Canada is taking aim at its overheated housing market

A real estate for sale sign is pictured in front of a home in Vancouver, British Columbia, Canada, September 22, 2016 Image copyright Reuters

Canada will close a tax loophole used by foreign homebuyers as it struggles to cool red-hot property markets in Vancouver and Toronto.

Federal Finance Minister Bill Morneau announced the measure on Monday.

Economists, bankers and politicians have been growing increasingly alarmed at the skyrocketing property markets in the two cities and are warning they may be headed for a correction.

Under Canadian tax law, homeowners selling their principal residence get a tax benefit in the form of an exemption from capital gains taxation.

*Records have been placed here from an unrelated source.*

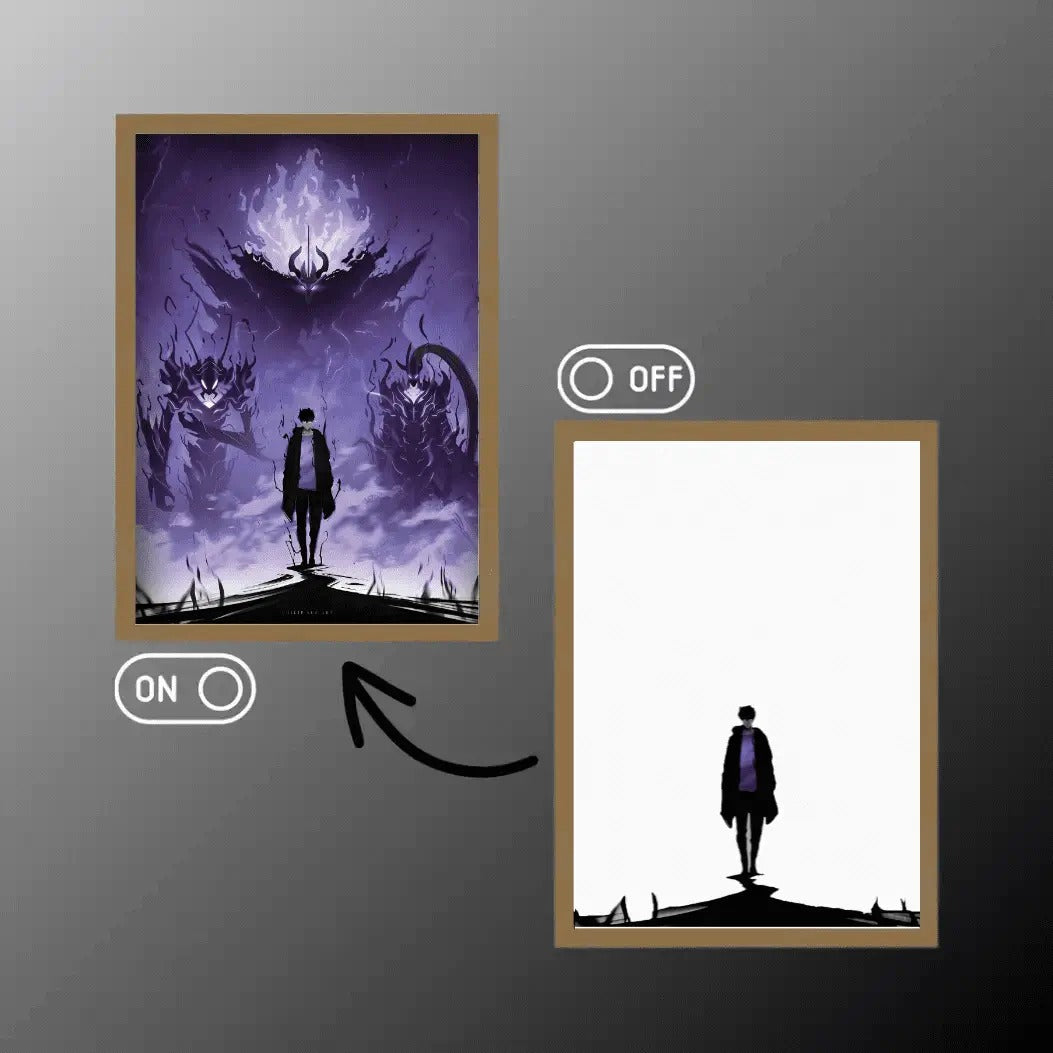 Bring him to life with our handcrafted LED artwork! The Sung Jin-Woo – Solo Leveling LED Frame fuses artistic craftsmanship with dynamic light technology. By day, it’s a minimalist sketch. But with a flick of a switch, it transforms into a breathtaking illuminated tribute—a glowing scene of power, mystery, and anime perfection.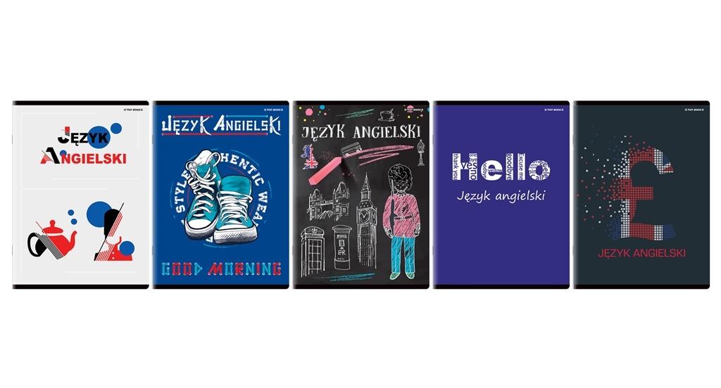 Zeszyt przedmiotowy do języka angielskiego z miękką okładką, w formacie A5, 60 kartkowy w kratkę z marginesem o gramaturze papieru 70g. Opakowanie zbiorcze.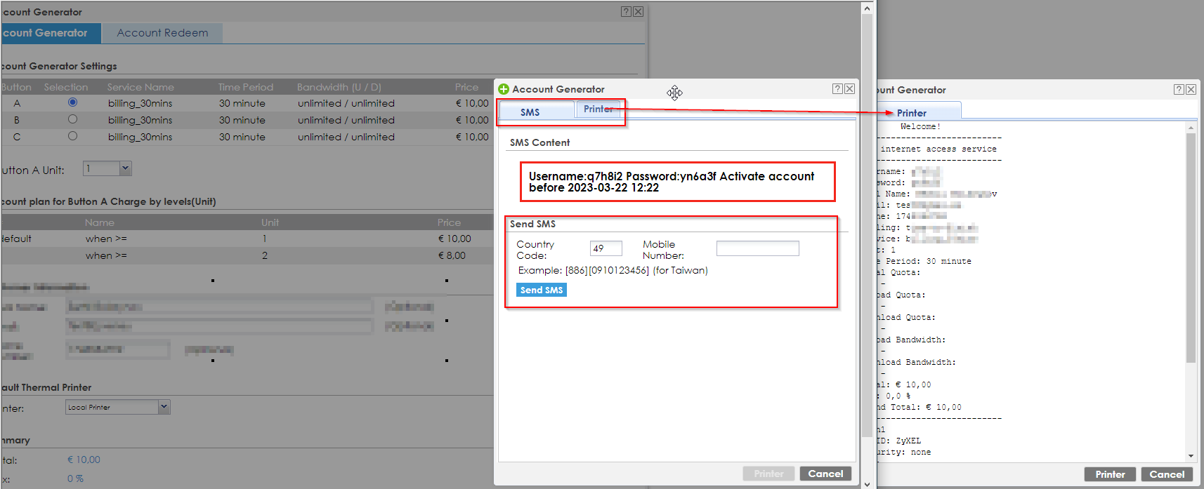 Next, we will look at how to generate an account for the customer and options for transferring data to access the Internet by printing a receipt or sending data via text message.
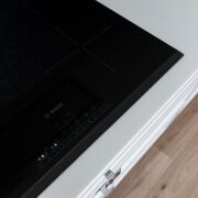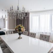 В интерьере использовали только импортные материалы (на полу итальянский керамогранит Italon и бельгийский ламинат Balterio, французская сантехника Jacob, бытовая техника (СВЧ-печь, духовой шкаф, варочная панель) Bosch, посудомоечная машина AEG, встроенный холодильник Liebherr, вся мебель изготовлена на заказ (текстильные материалы – Италия)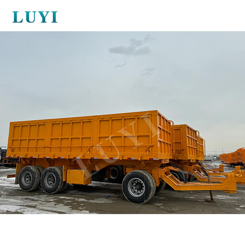 Originario de la provincia de Shandong, China, el semirremolque basculante lateral de doble varilla y 3 ejes LUYI es un semirremolque de carga de alta calidad adecuado para el transporte de carga en múltiples escenarios. La carrocería del remolque está fabricada en acero de alta calidad y tiene unas dimensiones de 7500×2500 mm. Presenta una estructura robusta y una capacidad de carga estable, con una carga útil máxima efectiva de 25 toneladas, lo que permite un transporte eficiente de contenedores y mercancías a granel.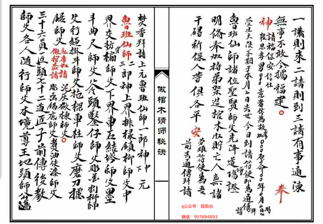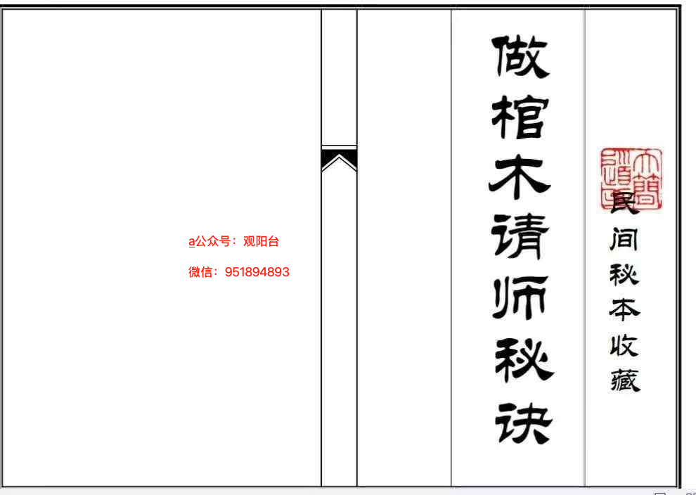内容:做木请师父秘密,出门有瘟氣加请,变家变厝,变五尺杖,变完再存身,去到主人厝师傅孰安棹上,座椅,食茶烟,洗面,自己变身,变肉菜,变饭,变筋,床后壁上諱,斩邪斩鬼断根源,心肝头上諱,寿板架在柴马上,场上諱,板上諱,平安墜柴法,用二十八宿,开天门,避地户,塞鬼路,棺木做完谢聖,时气做棺木谢聖完送神师父不可送安座。请师傅回场,七星北斗盖身,蓝中諱,变米,变鸡,去千邪百鬼,变路,回头路中变火坑,过桥变桥,桥中毒蛇,五龍决断,时气墜棺,斧头在棺面塔三下就钉,拆神廟諱,制重丧式,入棺忌入冲,鲁班煞日,斧头煞日,青龙华盖,起盖造坟师主忌方,月家凶方,日家凶方,瘟鬼所在日时,收诸煞符,治腹心痛符,分犬口,论方道退利。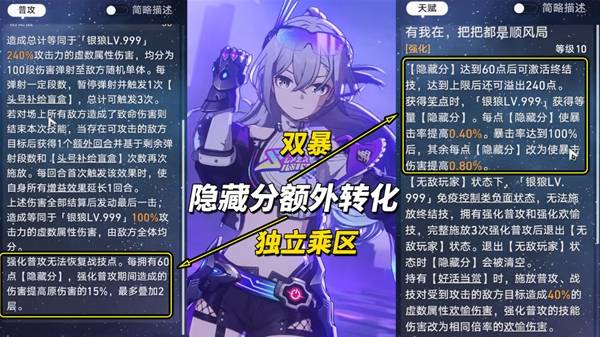 配队推荐银狼拥有【隐藏分转双暴与独立乘区】的机制。每1点隐藏分提高0.4%暴击率,满暴则变为0.8%暴击伤害;每60点隐藏分强化普攻伤害提高为原本115%,至多2层提高为130%。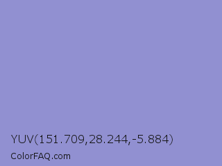 YUV 151.709,28.244,-5.884 Color is a light indigo color and the nearest color is Blue Bell Crayola #9999cc. Hex code #9190d1 and RGB value is rgb(145,144,209). In RGB color space, this color is composed of 57% red, 56% green, 82% blue, In CMYK color space, this color is composed of 31% cyan, 31% magenta, 0% yellow , 18% black , In HSL color space, this color has a hue angle of 241° , 41% saturation and 69% lightness.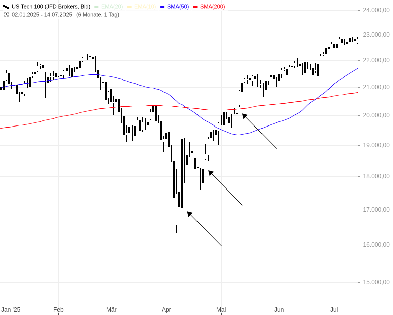 Diesem Muster kann man nicht nur in den Indizes, sondern auch bei Aktien folgen. Die stärksten Titel der nächsten Rally sind allerdings zum Zeitpunkt des Higher Lows bereits auf neue Allzeithochs ausgebrochen und haben dadurch bereits relative Stärke signalisiert. Hier suche ich ab sofort Einstiege bei Rückläufen zu den gleitenden Durchschnitten.

The new rule will ensure only people living in their home as a principal residence prior to its sale will be able to claim that so-called "principal residence exemption".

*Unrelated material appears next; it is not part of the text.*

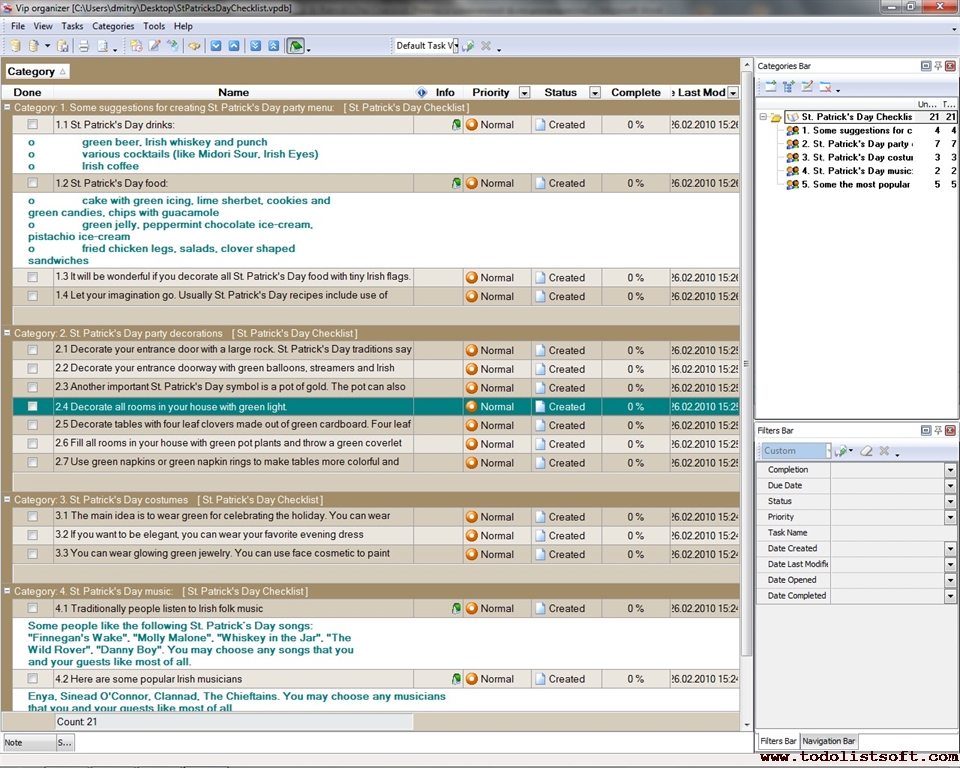 St. Patrick's Day is one of the most amusing and interesting parties for both children and adults. The given below checklist will help you be prepared for celebrating events. It offers the most popular games and gives some suggestions to create party menu. Also it suggests themes to decorate your house and rooms.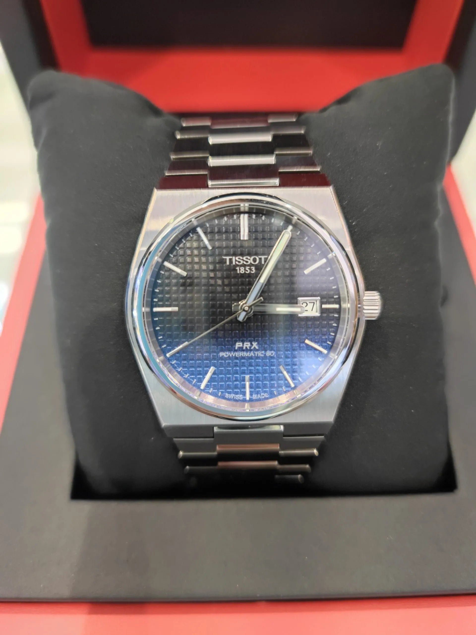 Un’icona di stile che richiama l’eleganza vintage degli anni ’70 con un carattere deciso. Il Tissot PRX 35mm si distingue per la sua cassa in acciaio integrata e il quadrante verde scuro soleil, capace di esaltare ogni look con un tocco sofisticato e originale.

"Affordability is an issue that concerns many middle class families, particularly here in Toronto and in BC's lower mainland. It is real, and we do not take it lightly," Mr. Morneau said.

The minister also announced a more robust mortgage stress test on all new insured mortgages.

Image copyright Reuters
Image caption Affordability is a top concern, Finance Minister Bill Morneau said

The move by Canadian authorities comes shortly after Swiss Bank UBS released a report warning that of all the cities in the world, Vancouver is most at risk of having a housing bubble. The city soared to first place this year from fourth in 2015.

UBS placed Canada's third-largest city ahead of London, Stockholm, Sydney and Munich in the comparison of housing markets of 18 major global cities.

"House prices of the cities within the bubble risk zone have increased by almost 50% on average since 2011. In the other financial centres, prices have only risen by less than 15%," the report said.

The spike in housing prices in those cities have been fuelled by a both a demand from foreign investors and low interest rates.

Mr. Morneau's announcement is not the first step taken by Canadian policy makers in a bid to calm the booming real estate market.

In February, Canada increased the minimum down payment for new insured mortgages from 5% to 10% for homes above CA$500,000 ($381,000 /£296,555) a move that was targeted mostly towards the Vancouver and Toronto markets.

In August, British Columbia's provincial government implemented a controversial 15% tax on foreign home buyers in the metro Vancouver area amid concerns foreign investment is driving up home prices and pushing homeownership out of reach for much of the city's population.

Earlier this year, a "tear-down" property in the city's west side that sold for close to CA$2.5m ($1.9m/£1.5m) became a symbol of the city's out-of-control property market.

According to the Real Estate Board of Greater Vancouver, the average price for a single family home in August was CA$1.57m ($1.2m/£931,000).